Angry commuters will get their chance to put questions to the boss of GTR at a public meeting in Hove next week.
The Q&A has been arranged by Hove MP Peter Kyle, who says he has been forced to sofa surf during the recent rail chaos to make sure he gets to the House of Commons on time.
This follows the setting up of a cross-party group to scrutinise Southern services, co-chaired by Mr Kyle and Sir Nicholas Soames.
No time or location has yet been announced, but the meeting will be held on Saturday, July 2.
“I know that every single passenger leaving Hove and Brighton these days has horror story to tell of cancellations, massive delays, and inhumane overcrowding. It’s made worse by a lack of information and a level of customer service that seems to lack all caring for your welfare.
“Being an MP served by Southern is like having constant toothache because I’m always aware of how much you suffer. At times I have been promised improved service by ministers or train bosses which I have passed on to you in good faith but then things only got worse. Their incompetence has given you cause to doubt my integrity and I simply cannot bear it.
“Loads of people assume I get driven around in fancy cars, but I don’t. A decade ago I earnestly sold my car in the name of doing better for the environment and have relied entirely on busses and trains ever since. It was liberating in many ways, but when public transport fails I’ve been stranded along with everyone else.
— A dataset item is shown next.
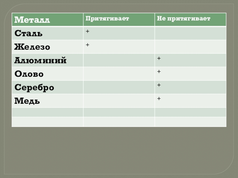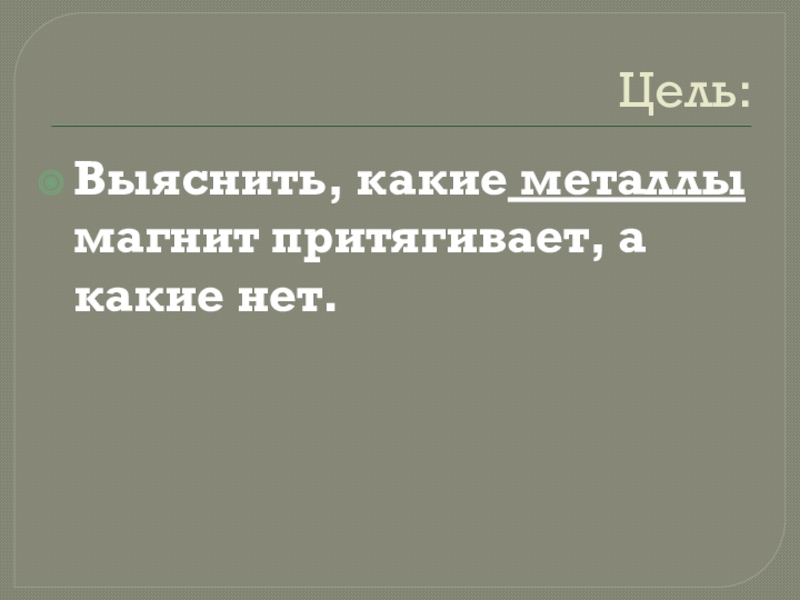 Цель:Выяснить, какие металлы магнит притягивает, а какие нет.

These days I usually sofa-surf with friends in London when parliament is sitting because I can’t trust Southern to get me to parliament every day (and often I leave too late for the last train) so I don’t travel every day, but 34,000 people from our city do.
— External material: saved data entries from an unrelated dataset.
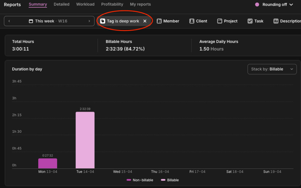 In Toggl Track: Tag time entries as ‘deep-work,’ ‘meetings,’ or ‘admin,’ and view the breakdown in the Summary Report. The act of tagging itself tends to make people more intentional about where their time goes.
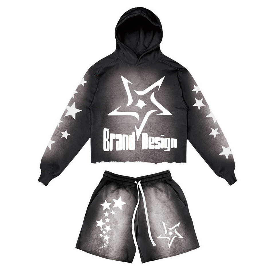 Ensembles personnalisés pour hommes avec logo, effet délavé soleil, ourlet brut, deux pièces, sweat-shirt et short, ensemble de jogging délavé à l'acide, ensembles courts sur mesure pour hommes
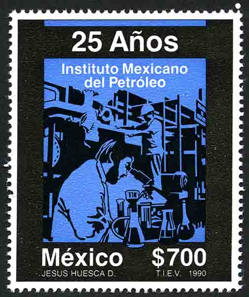 No. Scott: 1659 -- Año de Emisión: 1990 -- Valor facial: Setecientos Pesos -- Variedad de color: Azul y Negro -- Perforación:14 -- Tipo de impresión: HuecograbadoTimbre Postal Mexicano en colores azul y negro, en la imagen se observa, un espacio con anaquéles y material de trabajo, en el cual aparecen dos hombres, uno de ellos está parado, como si estuviera acomodando algo, trae puesto un casco en la cabeza, en primer plano hay otro hombre sentado, viendo algo a través de un microscópio, al lado de él, aparecen varios accesorios de laboratorio, en la parte superipor está escrito "25 Años", "Instotuto Mexicano del Petróleo, en la parte inferior "MEXICO" y el valor facial de "$700".

“As a backbench opposition MP my power is limited. But I’ve worked my socks off this past year to learn how MP’s like me can make the biggest difference. You already know that I repeatedly challenge ministers in meetings and in the chamber, and I’ve told you about my campaigns for loos on coastal routes and for improved compensation schemes for passengers. I’ve even work-shadowed a train driver to learn about the job. But I’ve also been working really hard to deliver better transparency and accountability directly to you and to find ways of exerting as much pressure on the rail companies and government as possible.
“I want the train company to answer directly to you. So I have arranged for the boss of Govia Thameslink (GTR), the parent company of Southern, to come to Hove on the 2 July and appear at a public meeting that I’ll chair. This will be your opportunity to listen, challenge, quiz, and discuss our rail service with the chief operating officer of our rail company. I will announce timings, location, and details on how to register for the meeting soon after the referendum but I wanted you to know about it without delay.
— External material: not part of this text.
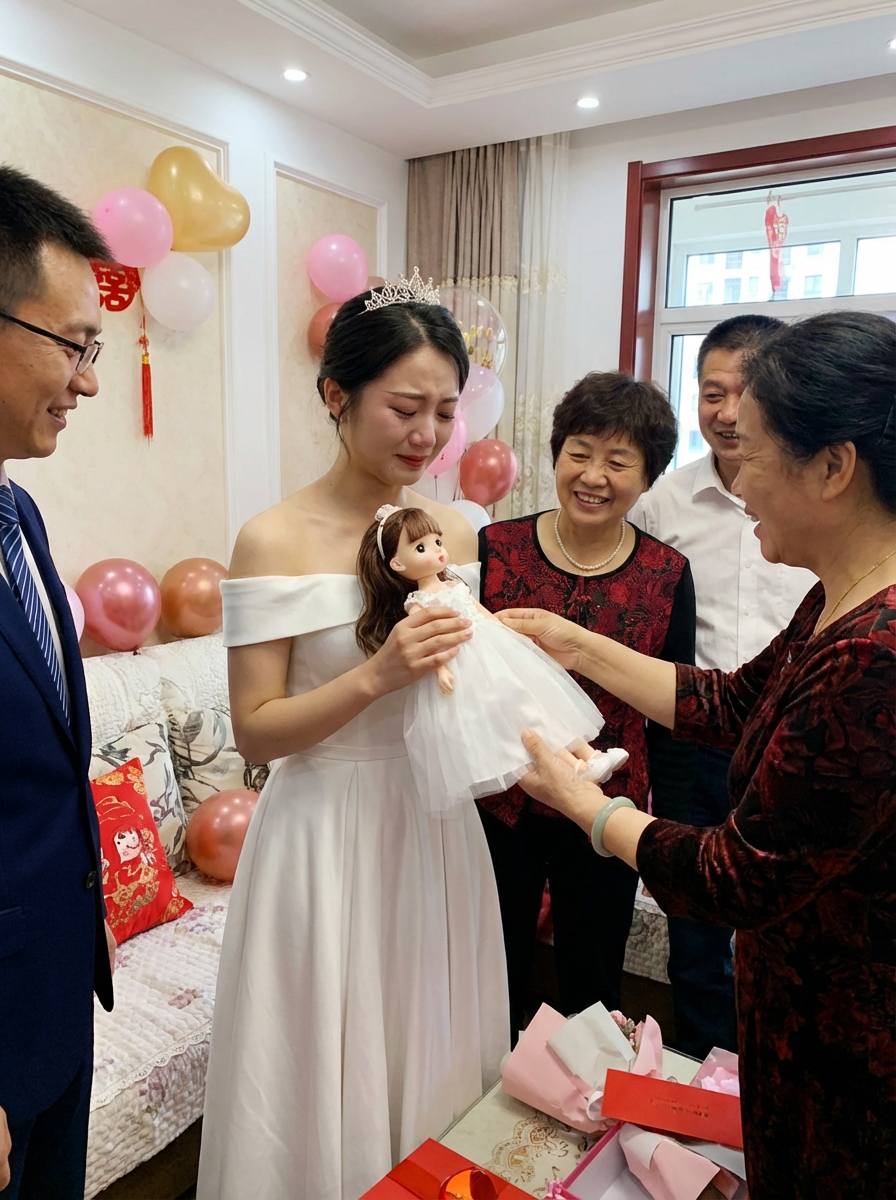 model receiving last doll, quinceanera tradition, emotional meaningful moment, family gathered

“Secondly I am establishing the first all-party group of MP’s specifically dedicated to scrutinising, challenging, and supporting improvement of the Southern commuter services between London and Brighton & Hove. The rail service crosses political as well as geographic boundaries so I’ve been working really hard to gain support of other political parties and MP’s. Sir Nicholas Soames, the Conservative MP for Mid Sussex is setting the group up with me and we will be joint chairs. Together we have already met with the CEO of GTR and government ministers and both have assured us of full cooperation with the group. I’m really pleased that Caroline Lucas will also play a leading role.
“By working together as a united group of MP’s we will have far more power than we do as individuals. I’ll work with whoever it takes to make the life of Hove and Portslade passengers better.
“I’ve learned loads from my year on the BIS Select Committee and how it challenges both government and business with its inquiries and evidence sessions. I envisage a similar approach with our group.
“We’ve all been really frantic on the referendum campaign so we will have our first meeting soon afterwards to figure out the detail of how we will operate and ensure that passengers, passenger groups, and other experts all have a voice.
“More detail will follow but I wanted you to know about these developments as soon as possible. I am desperately keen to actually do something that will make the life of commuters and passengers better. All I care about is what will make your journey home from work better than the one you took in the morning, and the journeys you take next week better than those of this week.
“I hear your anger loud and clear. I share your anger. And I promise I am doing everything I possibly can to make a difference.”